• [Exercise instructions]:
Below, find the line containing "My favorite part" and the line containing "紅茶のパンナコッタに桃のコン"; reproduce exactly those two and every line between them, omitting pictures.

• [Supplied records]:
▽

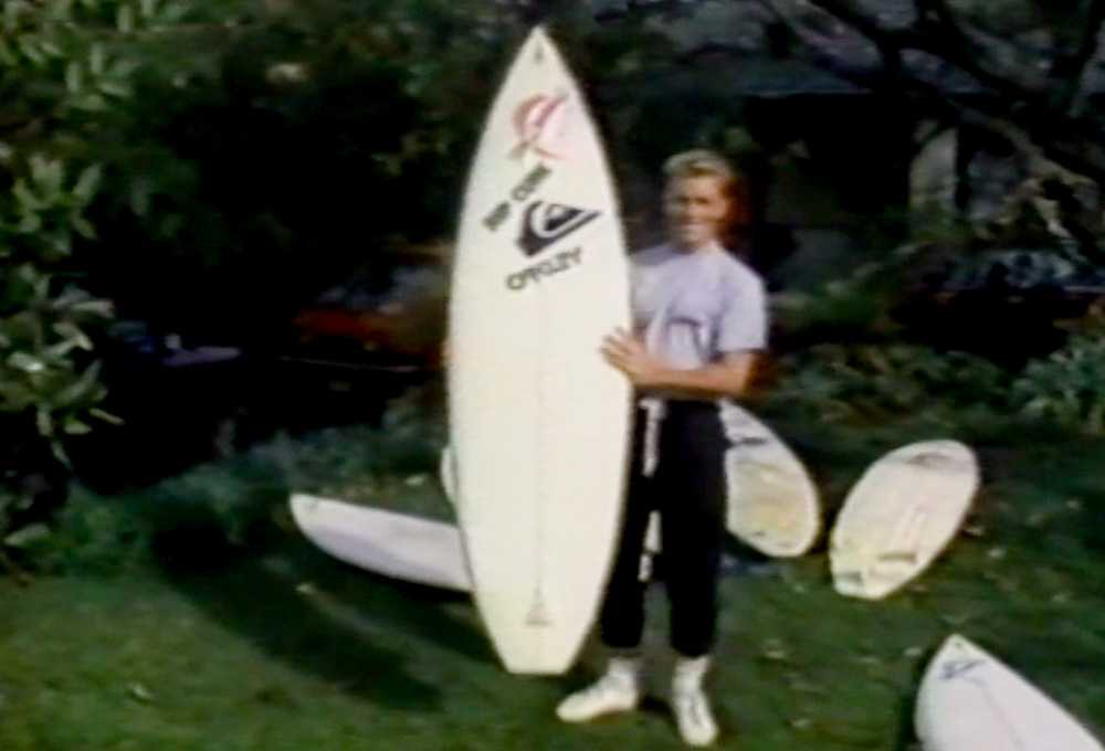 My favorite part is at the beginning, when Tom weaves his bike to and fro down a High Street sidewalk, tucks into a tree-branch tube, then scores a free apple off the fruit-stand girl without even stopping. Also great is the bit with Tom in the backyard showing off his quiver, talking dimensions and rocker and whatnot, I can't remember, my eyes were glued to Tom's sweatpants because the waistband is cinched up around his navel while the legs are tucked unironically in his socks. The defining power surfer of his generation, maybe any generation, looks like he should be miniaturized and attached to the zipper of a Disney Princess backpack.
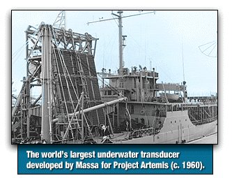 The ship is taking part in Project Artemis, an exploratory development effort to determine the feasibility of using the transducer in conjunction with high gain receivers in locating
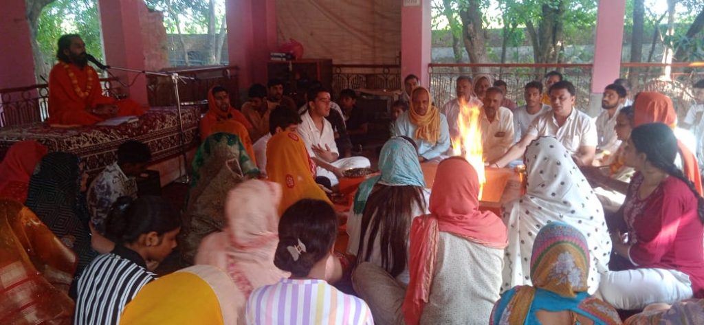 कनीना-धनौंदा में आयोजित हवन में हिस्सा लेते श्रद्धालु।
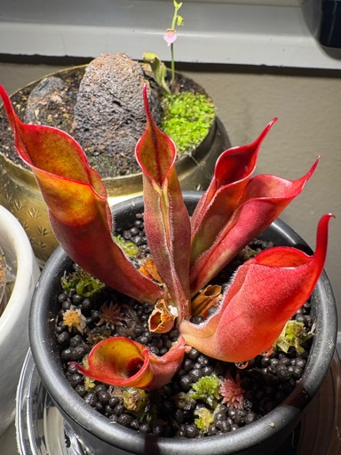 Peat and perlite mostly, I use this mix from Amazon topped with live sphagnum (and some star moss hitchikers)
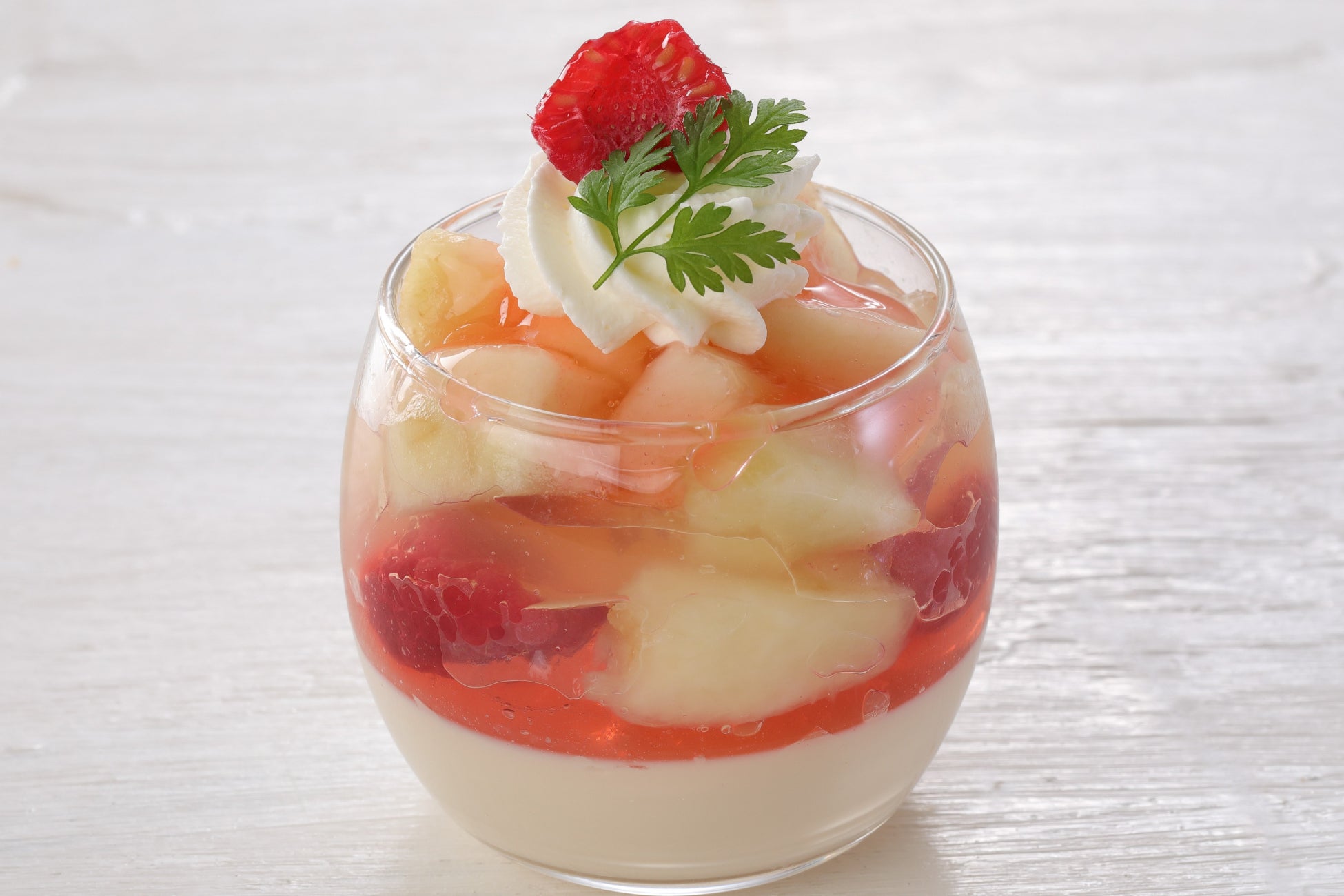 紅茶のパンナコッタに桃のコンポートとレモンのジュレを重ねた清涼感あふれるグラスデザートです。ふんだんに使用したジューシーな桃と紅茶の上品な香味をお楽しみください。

△
▽

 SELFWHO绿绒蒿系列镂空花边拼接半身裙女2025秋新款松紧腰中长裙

△

• [Task response]:
 My favorite part is at the beginning, when Tom weaves his bike to and fro down a High Street sidewalk, tucks into a tree-branch tube, then scores a free apple off the fruit-stand girl without even stopping. Also great is the bit with Tom in the backyard showing off his quiver, talking dimensions and rocker and whatnot, I can't remember, my eyes were glued to Tom's sweatpants because the waistband is cinched up around his navel while the legs are tucked unironically in his socks. The defining power surfer of his generation, maybe any generation, looks like he should be miniaturized and attached to the zipper of a Disney Princess backpack.
 The ship is taking part in Project Artemis, an exploratory development effort to determine the feasibility of using the transducer in conjunction with high gain receivers in locating
 कनीना-धनौंदा में आयोजित हवन में हिस्सा लेते श्रद्धालु।
 Peat and perlite mostly, I use this mix from Amazon topped with live sphagnum (and some star moss hitchikers)
 紅茶のパンナコッタに桃のコンポートとレモンのジュレを重ねた清涼感あふれるグラスデザートです。ふんだんに使用したジューシーな桃と紅茶の上品な香味をお楽しみください。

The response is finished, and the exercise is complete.